History

France
- Launched: 1793
- Captured: c.1799

Great Britain
- Name: Active
- Owner: Peter Everitt Mestaer & Co.
- Acquired: c.1799 by purchase of a prize
- Fate: Last listed 1815

General characteristics
- Tons burthen: 496, or 500 (bm)
- Propulsion: Sail
- Complement: 40
- Armament: 1800:22 × 6&9-pounder guns; 1801:18 × 6-pounder + 2 × 9-pounder guns; 1809:12 × 6-pounder guns;

= Active (1800 ship) =

Active was a French ship launched in 1793. She came into British hands circa 1799 as a prize. Peter Everitt Mestaer purchased her and named her Active. She made one voyage to India for the British East India Company (EIC), which held a monopoly at the time on trade between Great Britain and India or China. From 1802 she was a London-based merchantman, trading first with Hamburg and then more generally. She was last listed in 1815.

==Career==
Active was first listed in the Register of Shipping and in Lloyd's Register in 1801. Both showed her owner as P. Mestaer, and her trade as London-Bengal. Her master was J.L. Smith or J. Smith.

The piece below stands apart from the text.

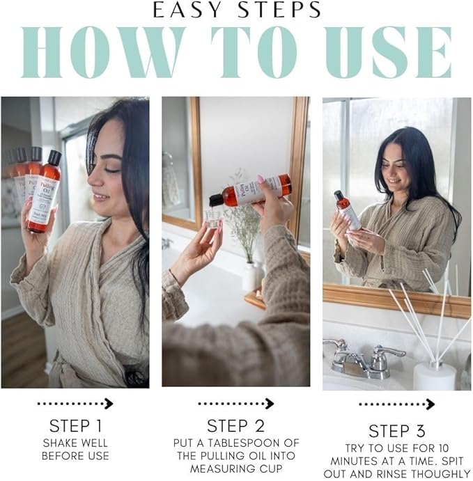 - Complete Pulling Kit Experience – Each package includes coconut mint pulling oil for teeth, a measuring cup, and tongue scraper—everything needed for effective coconut oil teeth pulling in one system.

Captain John Greitin Smyth acquired a letter of marque on 6 December 1800. She had been tendered to the EIC to bring back rice from Bengal. She was one of 28 vessels that sailed on that mission between December 1800 and February 1801.

It is not clear when she sailed for India, but she arrived back at Portsmouth on 10 November 1801, having left Madras on 5 July and Saint Helena on 19 September.

On her return, Active started to trade between London and Hambro (Hamburg). This continued through Lloyd's Register for 1807. Active was no longer listed in Lloyd's Register in 1808, but she reappeared in the Register of Shipping for 1809 (the Register is not available on line for 1807 or 1808). In 1809 Actives master was J. Welch, her owner was P. Mestaer, and her trade was London transport.

==Fate==
Active was last listed in the Register of Shipping for 1815. Her master was J. Welsh, her owner was P. Mestaer, and her trade was London transport.